Download from the [releases](https://github.com/esjewett/reductio/releases) page. Serve the reductio.js or reductio.min.js file in the top-level directory as part of your application.

CDN

Reductio is available via cdnjs. You can generate links to different versions of Reductio at: https://cdnjs.com/libraries/reductio

Getting help

If something doesn't appear to be working or you're having trouble with implementing something, it will usually be best to ask a question on Stackoverflow and tag the question with the reductio tag. When you ask your question, it is best to put together a working example showing the problem you are having. A JSFiddle template is available that already includes the Reductio and Crossfilter libraries, as well as dc.js. Use that template to make an example showing what you are seeing. In your question, reference the example, explain what you are seeing, and explain what you expect or want to see instead.

There is also a Reductio Gitter, which is a good place to check in for help if you have a quick question that doesn't fit into the Stackoverflow format, or if you are looking for a more conceptual discussion.

Accessor functions

In most cases when an accessor function is required, Reductio supports the use of the property name to be accessed in the form or a string instead. When appropriate, Reductio will even cast the value of a property to a number for you, though be aware that this will convert nulls and undefined values into 0s.

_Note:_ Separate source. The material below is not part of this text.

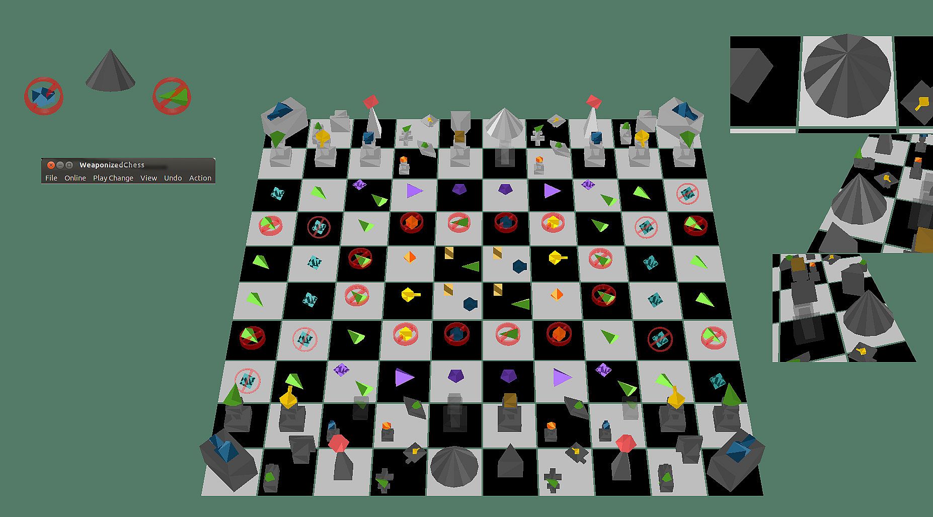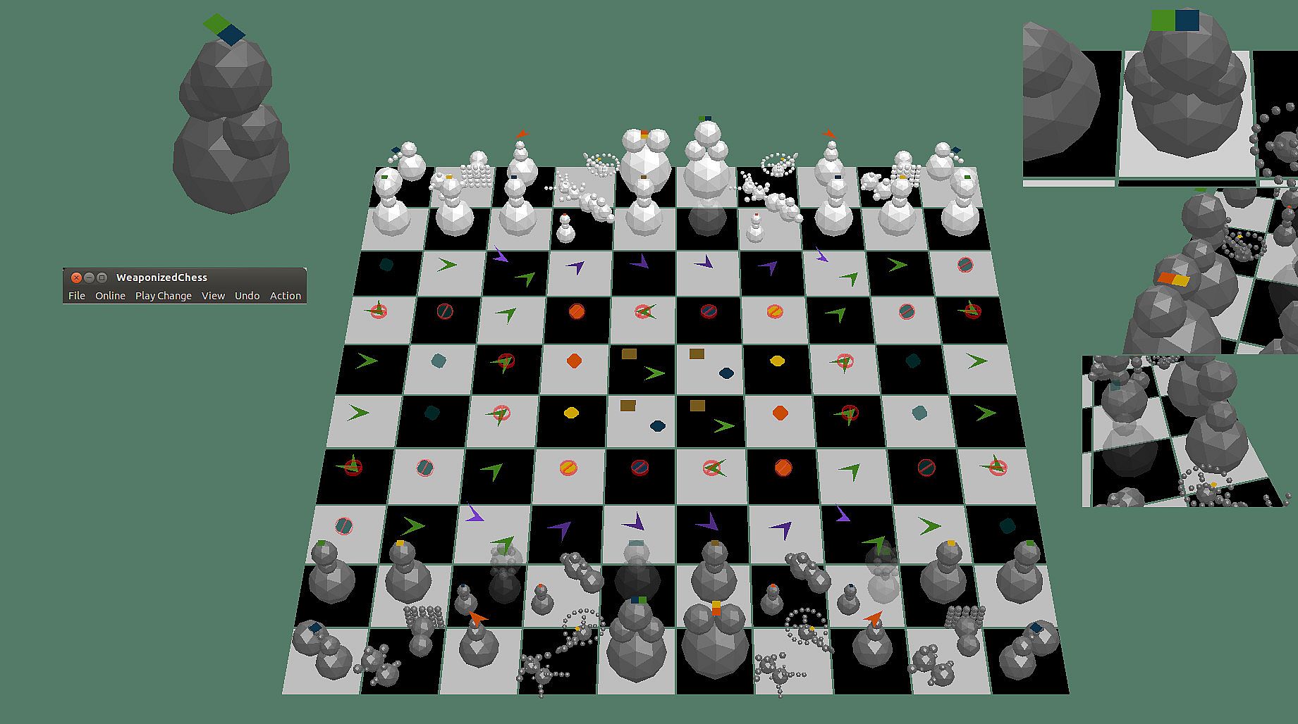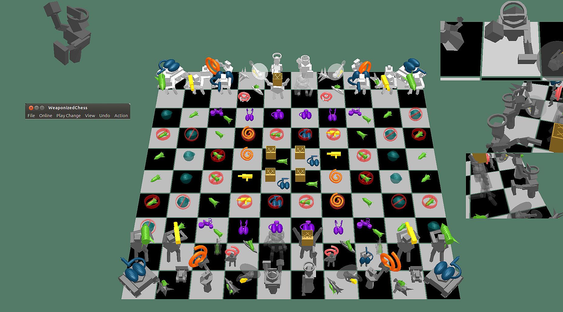 This version of WeaponizedChess is more interested in the game being clearly displayable than in the game graphics being a spectacular example of computer animation. Those who are only interested in a game where the graphics are pure eye candy should play some other game. This game is about thinking. It is not about looking. This game is fun because you use your mind to see the pieces, to see all the possibilities. Chess has always been like that. The simple-geometric set of pieces will always be drawn quickly and clearly even if hardware acceleration is not available.

For example, the following:

reducer = reductio().sum(function(d) { return +d.number; });
reducer(group);

Is equivalent to:

reducer = reductio().sum('number');
reducer(group);

Aggregations that support this syntax with casting to a numeric value: sum, avg, exception sum, histogram value, min, max, median

Aggregations that support this syntax without casting: nest, exception, value list, standard deviation, sum of squares

Aggregations

Aggregations are composable (so you can track more than one aggregation on a given group) and may depend on each other (the 'avg' aggregation requires that 'count' and 'sum' be specified).

Standard aggregations

Current aggregations supported are shown given the following setup.
var data = crossfilter([...]);
var dim = data.dimension(...);
var group = dim.group();
var reducer;

reductio.count()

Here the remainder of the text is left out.